Lithuanian chess player (born 1987)

Simona Limontaitė (married name Kiseleva, born 22 August 1987) is a Lithuanian chess player who holds the title of Woman International Master (WIM, 2008). She is three time winner of Lithuanian Women's Chess Championship (2005, 2017, 2024).

== Biography ==
Her first chess trainer was Vytautas Gembutas. From 2006 International Master Vaidas Sakalauskas is her trainer. Simona Limontaitė is winner of the Lithuanian Girl's Championship (U18) in 2005.

Simona Limontaitė is multiple medalist of the Lithuanian Women's Chess Championships, in which she won three gold (2005, 2017, 2024) and two bronze (2003, 2009) medals.

Simona Limontaitė participated in several World Youth Chess Championships and European Youth Chess Championships in different age categories. Also Simona Limontaitė participated World Girls U-20 Championship in 2007.

She is participant of European Individual Women's Chess Championship in 2009.

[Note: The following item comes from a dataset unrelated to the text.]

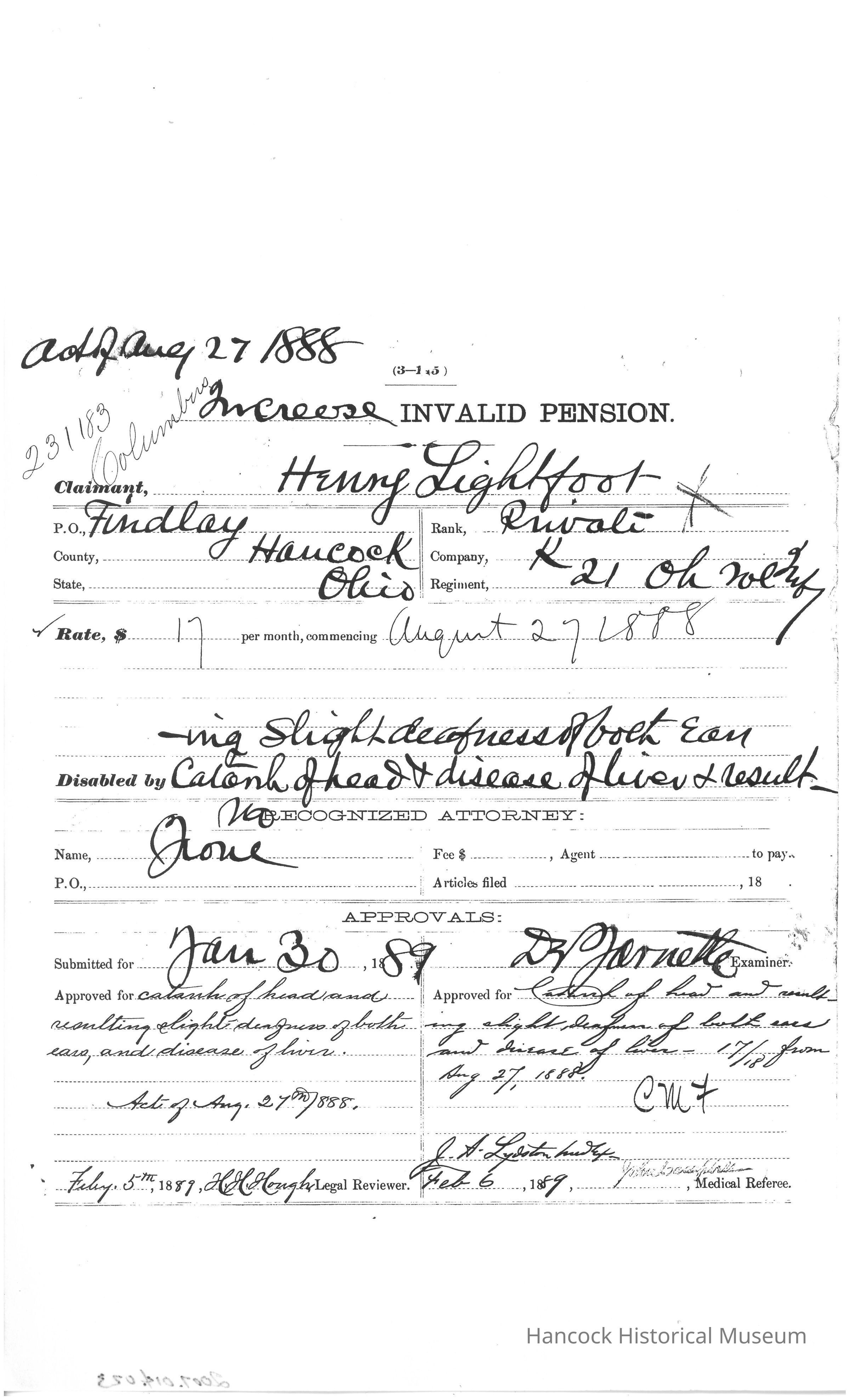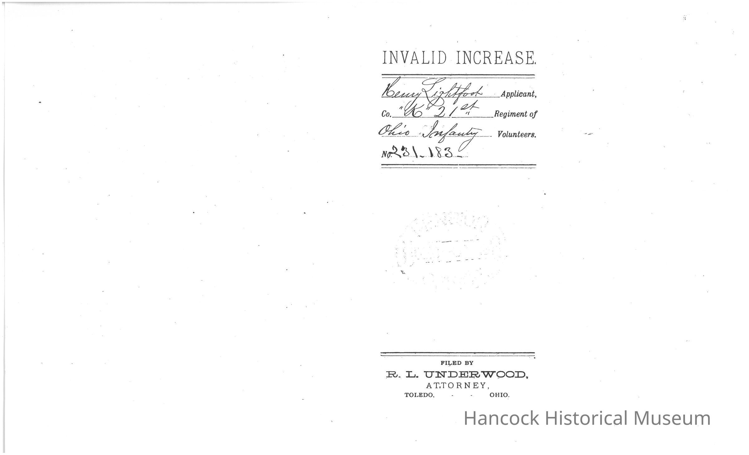 The image shows a historical document titled "Invalid Increase" pertaining to an individual named Henry Lightfoot. He is identified as the applicant, listed under Company K, with an association to the 21st Regiment of Ohio Volunteer Infantry. The document is marked with the number 281.183, indicating a possible reference or file number. It was filed by R. L. Underwood, an attorney based in Toledo, Ohio. The layout is formal, typical of military or legal documentation from historical periods, likely related to a military pension or benefit increase claim. There appears to be a faint seal or stamp near the center of the page, though it is not distinctly visible.

Simona Limontaitė played for Lithuania in the Women's Chess Olympiads:
- In 2008, at third board in the 38th Chess Olympiad (women) in Dresden (+3, =2, -4),
- In 2010, at second board in the 39th Chess Olympiad (women) in Khanty-Mansiysk (+5, =3, -2).

Simona Limontaitė played for Lithuania in the European Women's Team Chess Championship:
- In 2005, at third board in the 6th European Team Chess Championship (women) in Gothenburg (+2, =1, -6).

She played for the Lithuanian chess clubs Telšiai (until 2006) and Vilniaus fortas. With chess club Panevėžys Chess Club Simona Limontaitė participated in European Chess Club Cup in 2008.

She is a graduate of the Vilnius Gediminas Technical University.

Her elder brother Martynas Limontas (born 1984) is chess FIDE master (FM) and Grandmaster for solving chess problems.

She was married, performed under the name of her husband (including in the victorious national championship in 2017). Since 2019, she has been performing again under her maiden name.